The SMS Spam Collection is a set of SMS tagged messages that have been collected for SMS Spam research. It contains one set of SMS messages in English, tagged acording being ham (legitimate) or spam. The challenge is classify messages Spam there of not.  
First of all, let's read full datasets from CSV file using pandas lib.

In [None]:
import numpy as np
import pandas as pd

df = pd.read_csv("../input/sms-spam-collection-dataset/spam.csv", encoding = 'latin-1', usecols=[0,1])
df.columns = ['category', 'message']

Initially target column has two values 'spam' and 'ham'. Encode it to numeric column.

In [None]:
def encode_category(cat):
    if cat == 'spam':
        return 1
    else:
        return 0
    
df['category'] = df['category'].apply(encode_category)

df.head()

Convert Message text to features columns using CountVectorizer, based on token occurrence counts.  
Also I tried using TfidfVectorizer, but accuracy didn't improve.  
I tried to add new feature 'Length of message'. And this also didn't provide any benefits to final accuracy.

In [None]:
from scipy.sparse import hstack
from sklearn.feature_extraction.text import CountVectorizer

vectorizer = CountVectorizer(encoding = "latin-1", strip_accents = "unicode", stop_words = "english")

features = vectorizer.fit_transform(df["message"])

Split all data to train and validation datasets. Use Stratify parameter to keep proportion of Spam/Ham values in training data same as in validation dataset.

In [None]:
from sklearn.model_selection import train_test_split

X_train, X_test, y_train, y_test = train_test_split(features, df["category"], stratify = df["category"], test_size = 0.2)

Trying to use most appropriate classifiers for test data processing: MultinomialNB and SGDClassifier

In [None]:
from sklearn.naive_bayes import MultinomialNB
from sklearn import metrics
mn_clf = MultinomialNB().fit(X_train, y_train)

y_pred = mn_clf.predict(X_test)

print("Classifier %s:\n%s"
      % (mn_clf, metrics.classification_report(y_test, y_pred)))

In [None]:
from sklearn.linear_model import SGDClassifier
sgd_clf = SGDClassifier().fit(X_train, y_train)

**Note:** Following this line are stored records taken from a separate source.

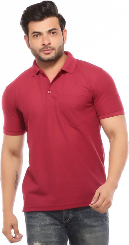 Men Solid Polo Neck Cotton Blend Maroon T-Shirt
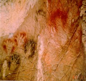 simpler symbolic motifs, including handprints outlined in colored earth, are
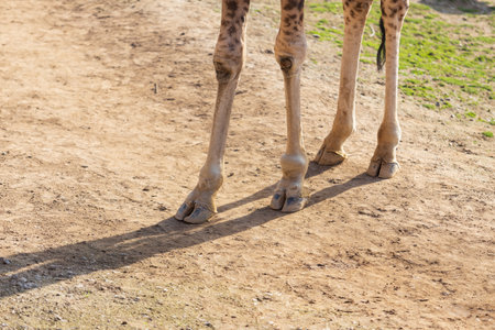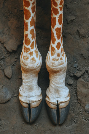 Close-up of a giraffe's legs reveals distinct coat patterns and hoof structure, highlighting the animal's elegance while standing on earthy ground in a natural habitat

y_pred = sgd_clf.predict(X_test)
print("Classifier %s:\n%s"
      % (sgd_clf, metrics.classification_report(y_test, y_pred)))

SGDClassifier wins!
Trying to fing best hyperparameters using GridSearchCV

In [None]:
from sklearn.model_selection import GridSearchCV

params = {
    "loss" : ["hinge"],
    "alpha" : [0.0001, 0.001, 0.01, 0.1],
    "penalty" : ["l2", "l1", "none"],
}

sgd_clf = SGDClassifier()
gs_clf = GridSearchCV(sgd_clf, param_grid=params)

gs_clf.fit(X_train, y_train)
print(gs_clf.best_params_)

Getting final score with best parameters.

In [None]:
sgd_clf = SGDClassifier(**gs_clf.best_params_).fit(X_train, y_train)

y_pred = sgd_clf.predict(X_test)
print("Best for classifier %s:\n%s"
      % (sgd_clf, metrics.classification_report(y_test, y_pred)))

Let's take a look at messages falsely recognized as Spam.

In [None]:
false_pos = list(y_test[(y_test != y_pred) & (y_pred == 1)].index)
print("False spam:", df.iloc[false_pos]['message'].values)

No false Spam messages! This is unexected but great result.  
Let's find messages falsely recognized as not Spam.

In [None]:
false_neg = list(y_test[(y_test != y_pred) & (y_pred == 0)].index)
print("False ham:", df.iloc[false_neg]['message'].values)

Definitely, there is room for improvement.